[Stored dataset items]
# # # # # # #

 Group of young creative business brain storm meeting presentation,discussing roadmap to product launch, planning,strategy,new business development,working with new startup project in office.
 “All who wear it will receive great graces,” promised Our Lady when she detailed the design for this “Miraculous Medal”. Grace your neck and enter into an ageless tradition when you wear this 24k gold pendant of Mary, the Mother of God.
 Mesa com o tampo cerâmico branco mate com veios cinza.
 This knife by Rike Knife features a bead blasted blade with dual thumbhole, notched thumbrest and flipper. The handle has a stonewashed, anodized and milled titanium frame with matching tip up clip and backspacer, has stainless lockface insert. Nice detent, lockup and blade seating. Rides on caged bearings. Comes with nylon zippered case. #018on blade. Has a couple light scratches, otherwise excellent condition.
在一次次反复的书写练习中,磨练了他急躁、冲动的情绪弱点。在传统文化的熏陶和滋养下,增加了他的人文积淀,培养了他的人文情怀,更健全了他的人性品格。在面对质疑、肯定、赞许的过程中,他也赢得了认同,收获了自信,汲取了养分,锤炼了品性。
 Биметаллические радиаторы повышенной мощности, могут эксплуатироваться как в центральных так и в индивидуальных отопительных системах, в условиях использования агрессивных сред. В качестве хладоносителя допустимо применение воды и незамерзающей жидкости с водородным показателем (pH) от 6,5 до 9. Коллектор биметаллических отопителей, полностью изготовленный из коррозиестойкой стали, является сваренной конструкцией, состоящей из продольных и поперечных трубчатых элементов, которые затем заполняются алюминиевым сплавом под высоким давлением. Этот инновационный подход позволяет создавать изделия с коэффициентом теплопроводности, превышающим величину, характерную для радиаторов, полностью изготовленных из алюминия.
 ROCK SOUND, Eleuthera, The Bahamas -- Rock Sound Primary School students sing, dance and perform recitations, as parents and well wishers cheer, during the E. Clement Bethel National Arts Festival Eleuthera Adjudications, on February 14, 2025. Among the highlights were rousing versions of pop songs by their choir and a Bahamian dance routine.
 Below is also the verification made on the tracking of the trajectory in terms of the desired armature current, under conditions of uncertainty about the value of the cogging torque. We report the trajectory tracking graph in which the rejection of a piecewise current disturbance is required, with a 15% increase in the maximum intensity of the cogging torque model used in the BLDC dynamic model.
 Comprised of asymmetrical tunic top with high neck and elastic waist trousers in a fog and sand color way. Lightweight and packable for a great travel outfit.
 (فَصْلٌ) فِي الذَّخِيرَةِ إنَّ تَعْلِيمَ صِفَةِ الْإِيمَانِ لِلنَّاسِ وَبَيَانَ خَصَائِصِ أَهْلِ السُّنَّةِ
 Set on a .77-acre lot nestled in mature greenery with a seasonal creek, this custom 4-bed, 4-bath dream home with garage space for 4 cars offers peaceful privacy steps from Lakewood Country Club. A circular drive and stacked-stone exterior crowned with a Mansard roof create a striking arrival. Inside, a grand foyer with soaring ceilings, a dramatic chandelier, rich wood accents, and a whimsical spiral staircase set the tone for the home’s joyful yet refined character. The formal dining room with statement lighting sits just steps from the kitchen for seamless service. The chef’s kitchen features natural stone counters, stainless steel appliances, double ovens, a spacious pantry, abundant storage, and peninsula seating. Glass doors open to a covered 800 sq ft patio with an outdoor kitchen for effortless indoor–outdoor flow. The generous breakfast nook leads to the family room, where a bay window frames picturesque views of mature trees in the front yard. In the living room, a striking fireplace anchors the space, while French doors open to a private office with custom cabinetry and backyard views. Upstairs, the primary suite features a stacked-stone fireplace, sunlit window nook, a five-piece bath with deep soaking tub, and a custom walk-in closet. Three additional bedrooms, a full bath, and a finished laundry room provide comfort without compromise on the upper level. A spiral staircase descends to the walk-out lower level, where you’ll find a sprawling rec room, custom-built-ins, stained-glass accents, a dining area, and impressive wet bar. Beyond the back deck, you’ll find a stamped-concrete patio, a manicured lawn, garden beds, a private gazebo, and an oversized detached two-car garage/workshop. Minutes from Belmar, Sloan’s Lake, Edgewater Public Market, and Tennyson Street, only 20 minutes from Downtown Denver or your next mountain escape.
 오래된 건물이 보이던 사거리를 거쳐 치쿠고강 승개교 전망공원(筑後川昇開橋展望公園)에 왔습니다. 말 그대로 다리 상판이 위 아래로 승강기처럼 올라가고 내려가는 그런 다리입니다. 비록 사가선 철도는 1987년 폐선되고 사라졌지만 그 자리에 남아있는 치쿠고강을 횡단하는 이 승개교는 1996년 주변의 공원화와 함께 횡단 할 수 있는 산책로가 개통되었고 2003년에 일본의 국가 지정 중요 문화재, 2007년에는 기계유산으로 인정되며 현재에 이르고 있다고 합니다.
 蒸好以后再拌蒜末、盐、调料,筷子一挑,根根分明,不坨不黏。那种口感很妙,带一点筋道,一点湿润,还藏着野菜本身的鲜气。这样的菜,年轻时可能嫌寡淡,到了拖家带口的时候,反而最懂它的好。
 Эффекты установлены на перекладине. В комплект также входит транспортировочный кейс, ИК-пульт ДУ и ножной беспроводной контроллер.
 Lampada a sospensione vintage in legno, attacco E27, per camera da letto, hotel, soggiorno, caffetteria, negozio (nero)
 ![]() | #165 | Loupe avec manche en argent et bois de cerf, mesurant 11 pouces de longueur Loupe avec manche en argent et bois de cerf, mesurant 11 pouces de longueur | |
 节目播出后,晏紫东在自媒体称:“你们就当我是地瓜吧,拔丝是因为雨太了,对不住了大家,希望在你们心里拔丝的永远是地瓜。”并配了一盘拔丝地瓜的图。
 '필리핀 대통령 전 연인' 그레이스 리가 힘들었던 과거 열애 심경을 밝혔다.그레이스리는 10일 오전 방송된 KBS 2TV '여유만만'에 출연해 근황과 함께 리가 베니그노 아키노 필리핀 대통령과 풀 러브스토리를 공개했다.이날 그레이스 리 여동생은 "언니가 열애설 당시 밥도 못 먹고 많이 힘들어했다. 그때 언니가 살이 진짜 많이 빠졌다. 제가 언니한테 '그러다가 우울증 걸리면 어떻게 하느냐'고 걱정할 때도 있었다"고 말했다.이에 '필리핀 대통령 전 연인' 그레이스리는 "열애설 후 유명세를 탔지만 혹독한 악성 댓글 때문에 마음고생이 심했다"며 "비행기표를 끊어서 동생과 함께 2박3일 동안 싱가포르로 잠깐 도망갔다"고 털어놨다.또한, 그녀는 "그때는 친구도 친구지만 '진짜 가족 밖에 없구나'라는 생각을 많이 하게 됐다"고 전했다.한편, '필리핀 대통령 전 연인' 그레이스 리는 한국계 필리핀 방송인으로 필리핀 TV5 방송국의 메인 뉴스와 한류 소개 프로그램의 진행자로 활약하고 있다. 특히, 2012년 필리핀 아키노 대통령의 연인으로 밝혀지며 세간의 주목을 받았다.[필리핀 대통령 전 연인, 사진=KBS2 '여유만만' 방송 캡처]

# # # # # # #

Out of the data above, return each line where the word "great" can be found.

 “All who wear it will receive great graces,” promised Our Lady when she detailed the design for this “Miraculous Medal”. Grace your neck and enter into an ageless tradition when you wear this 24k gold pendant of Mary, the Mother of God.
 Comprised of asymmetrical tunic top with high neck and elastic waist trousers in a fog and sand color way. Lightweight and packable for a great travel outfit.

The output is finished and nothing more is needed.